## What to produce:
Copy exactly the line containing "Taupe & White" and all the lines that follow it to the end of the records, minus the pictures.
=== Begin Enclosure ===
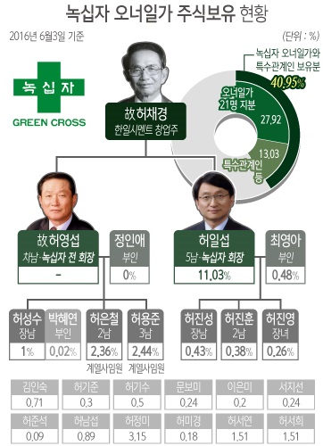 허 회장은 2013년까지는 등기임원이었으나 이후 미등기임원으로 바뀌었다. 당시 허 회장의 연봉이 공개됐는데, 그의 한 해 보수는 6억1100만 원이었다. 녹십자의 등기이사가 1인당 평균 2억900만 원을 보수로 챙긴 점을 감안하면 5억 원 이상의 고액연봉자는 허 회장이 유일하다.
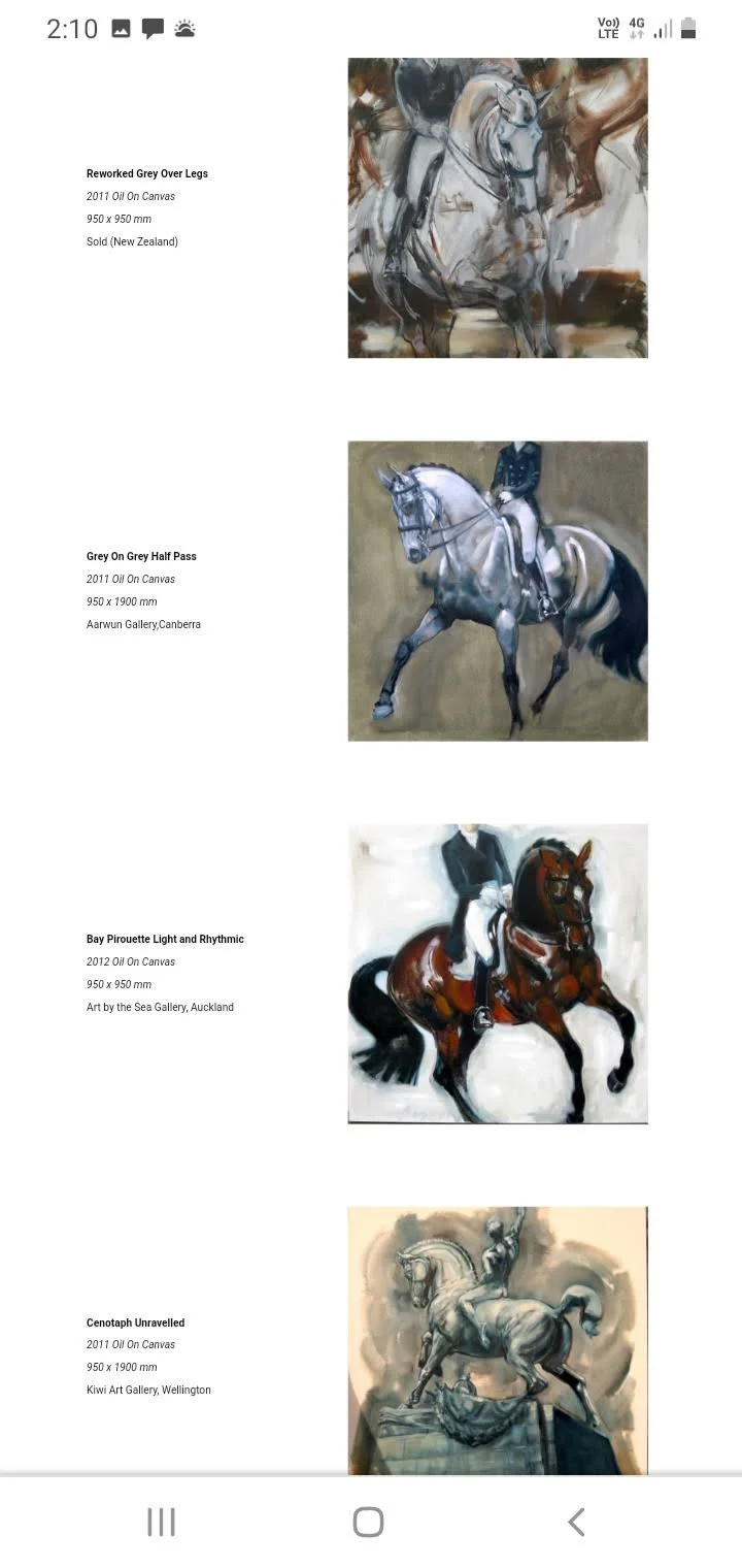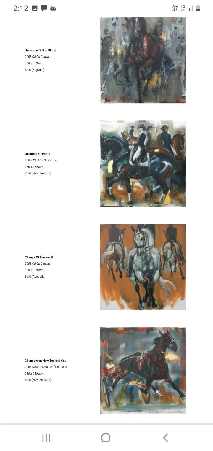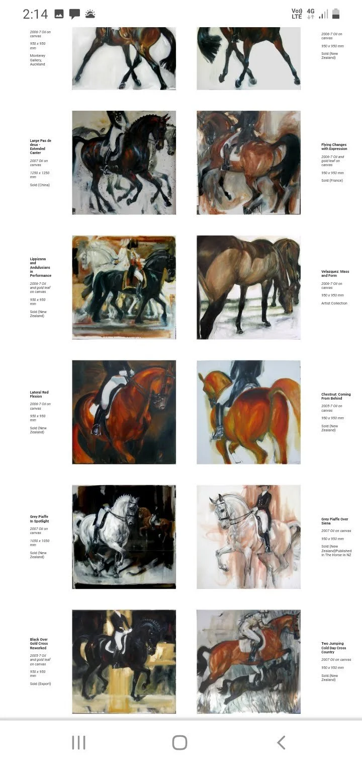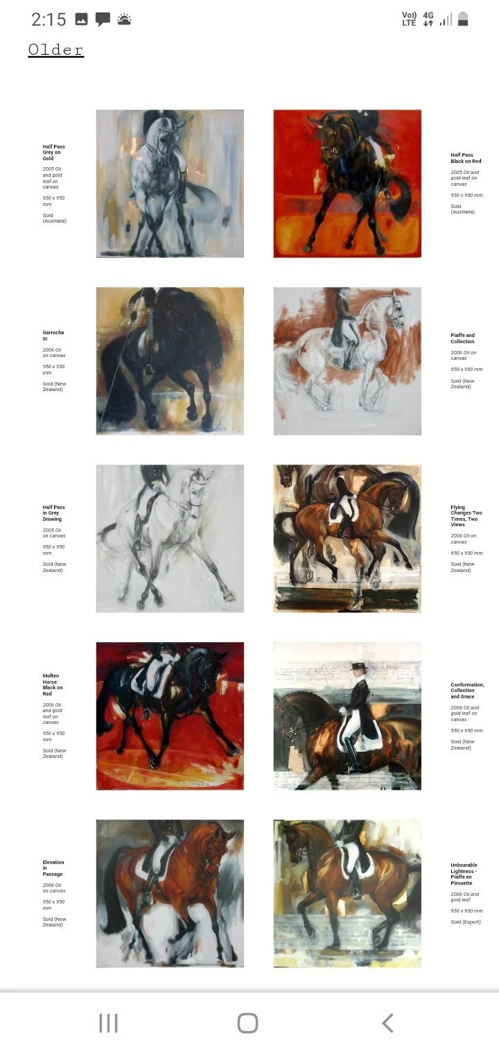 Rising Matariki in dawn.. Moment of Suspension 3 Moments in Collectiom SOLD Au Bay Extended Trot. SOLD NZ. New York Soft Flexion SOLD NZ. Soft Flexion II AbFab. Bay en Piaffe Great Eventer Milennial Monument. Black Canter Pirouette Black Transition Passage Bay Forward Canter .Balanced and Uphill Bay Canter Pirouette Bay Landing Living Room I Drawing. Change of Flexion Right to Left Sold out Horse Ride on a Clear Day. Archived Sold Works
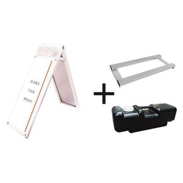 常磐精工 ポスター用スタンド看板パンフレットケース付 A3縦縦ロウ両面ホワイト(屋内用) ウエイトアーム・水タンクセット(直送品)
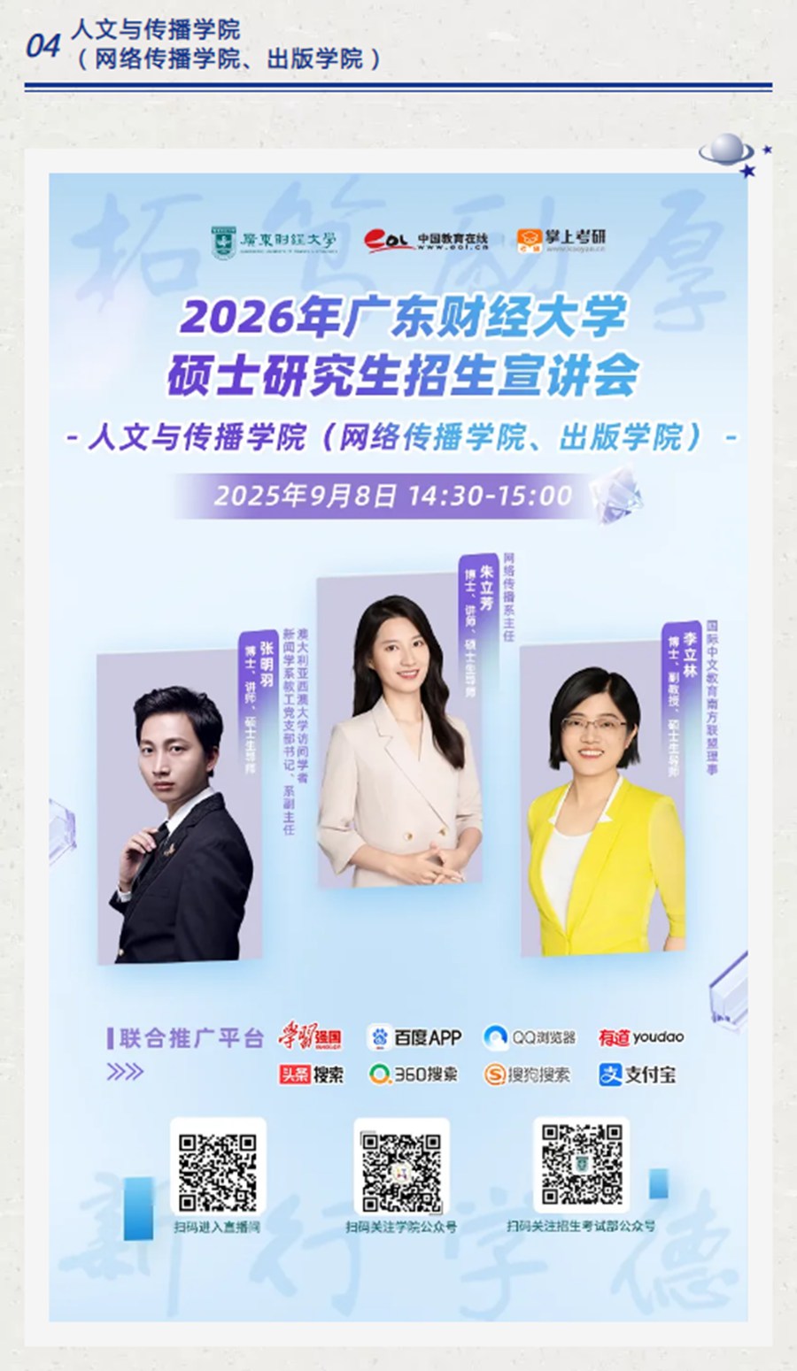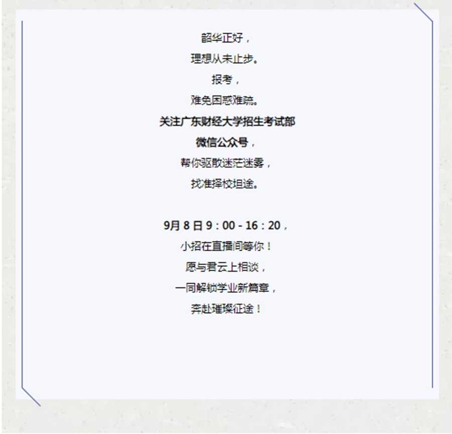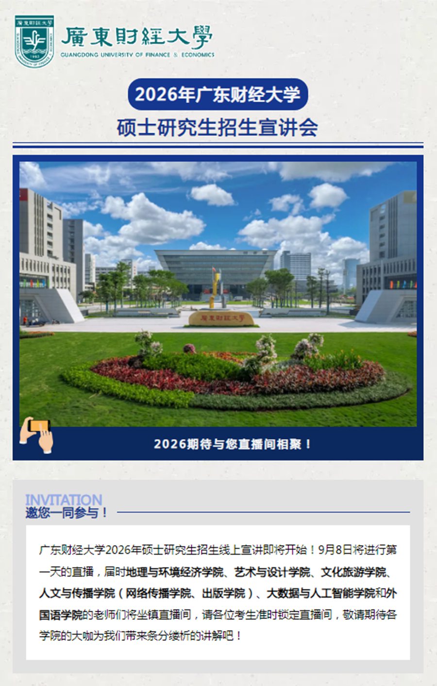 直播预告 | 广东财经大学硕士研究生招生线上宣讲会——9月8日(星期一)
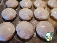 Достаем из духовки наши пряники (они уже поднялись и почти готовы), смазываем их глазурью и отправляем обратно в духовку на 10 минут. |
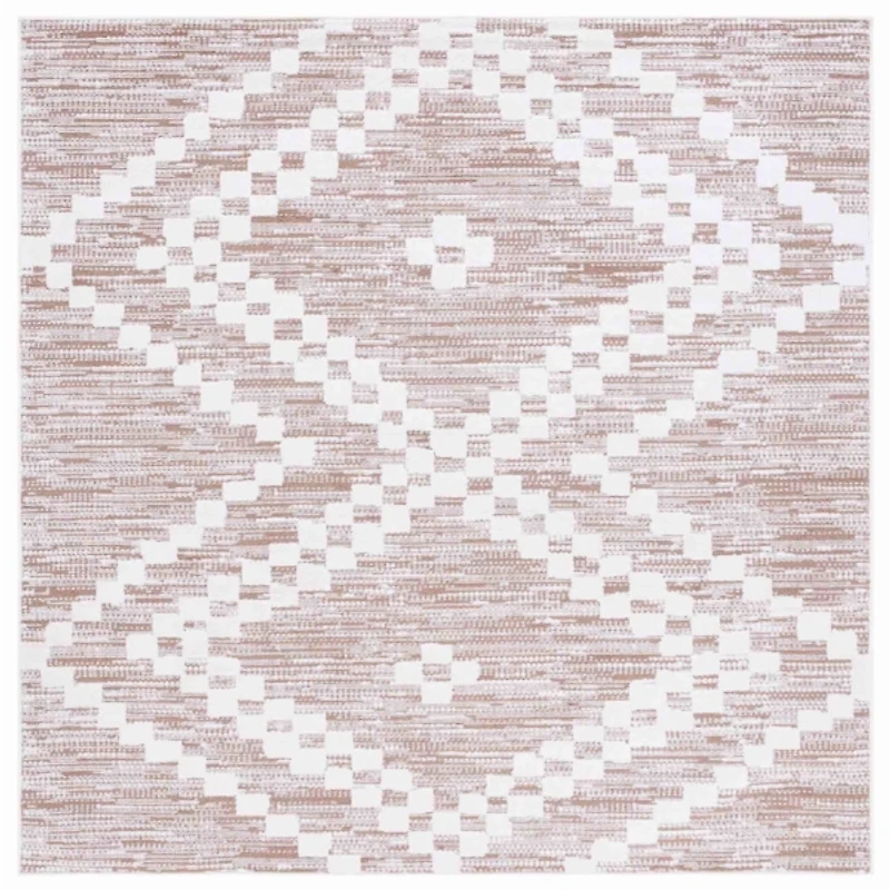 Taupe & White Bohemian Diamond Square Rug, 6x6
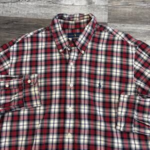 Ralph Lauren Red Green White Blue Mens XL Pony Button Down Flannel Shirt Tartan Plaid Plaid
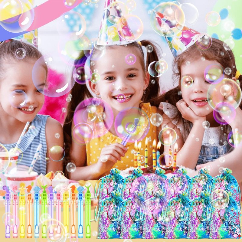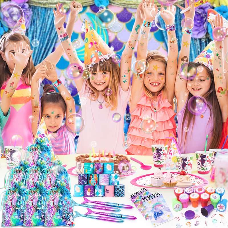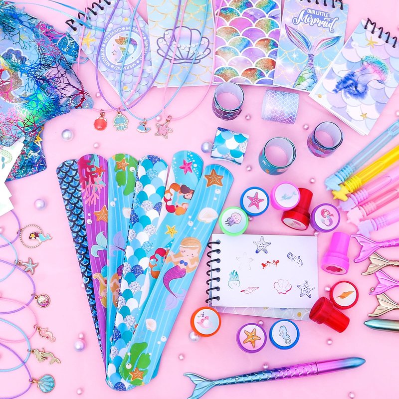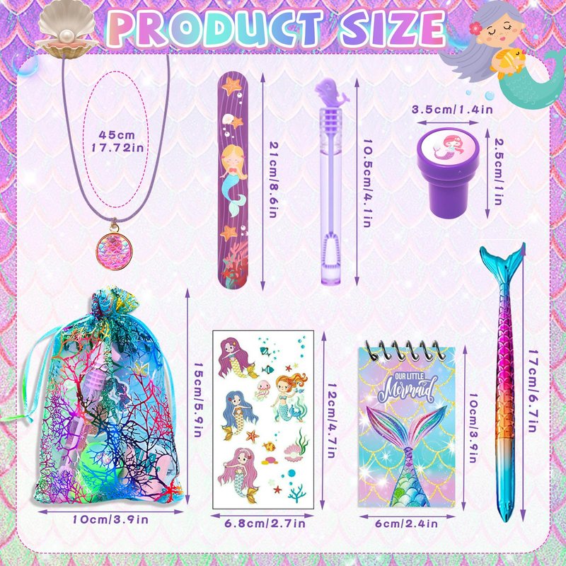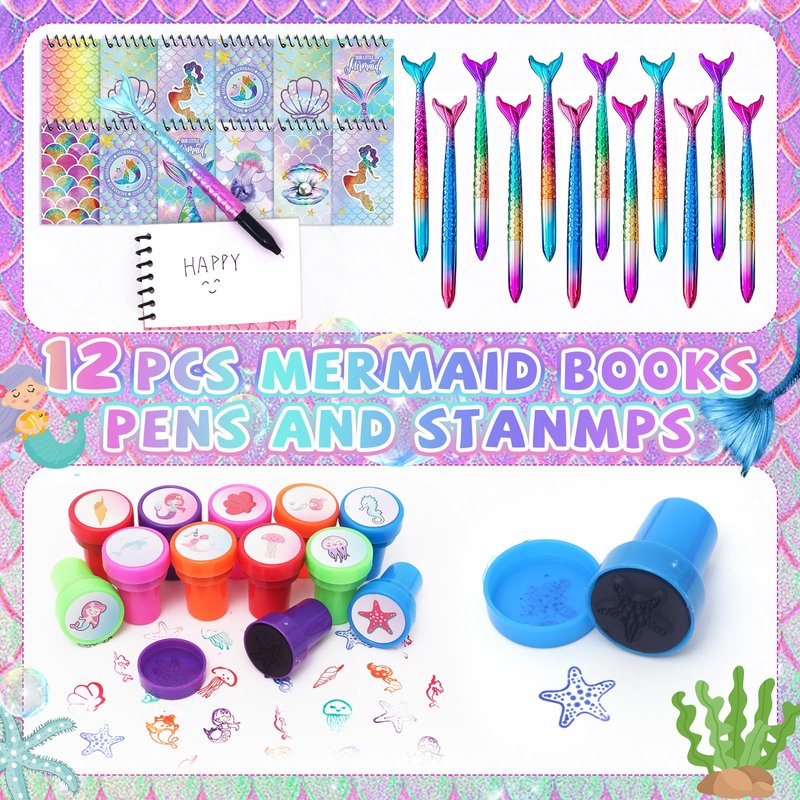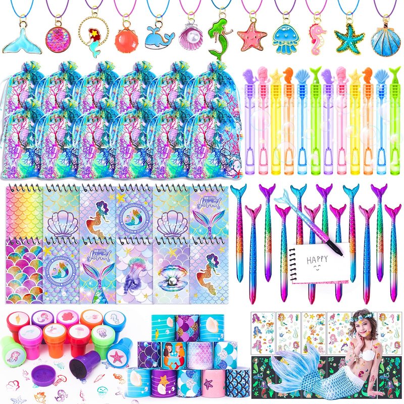 - MERMAID PARTY FAVORS INCLUDED : 12 Mermaid Goodie Bags, 12 Mermaid Necklaces, 12 Sea Creature Stamps, 12 Mini Note Books, 12 Mermaid Tail Pens, 12 Mermaid Temporary Tattoos, 12 Mini Bubble Wands, and 12 Slap Bracelets. Plenty of sea toys to keep the kids entertained at the party.
=== End Enclosure ===
## Response below:
 Taupe & White Bohemian Diamond Square Rug, 6x6
 Ralph Lauren Red Green White Blue Mens XL Pony Button Down Flannel Shirt Tartan Plaid Plaid
 - MERMAID PARTY FAVORS INCLUDED : 12 Mermaid Goodie Bags, 12 Mermaid Necklaces, 12 Sea Creature Stamps, 12 Mini Note Books, 12 Mermaid Tail Pens, 12 Mermaid Temporary Tattoos, 12 Mini Bubble Wands, and 12 Slap Bracelets. Plenty of sea toys to keep the kids entertained at the party.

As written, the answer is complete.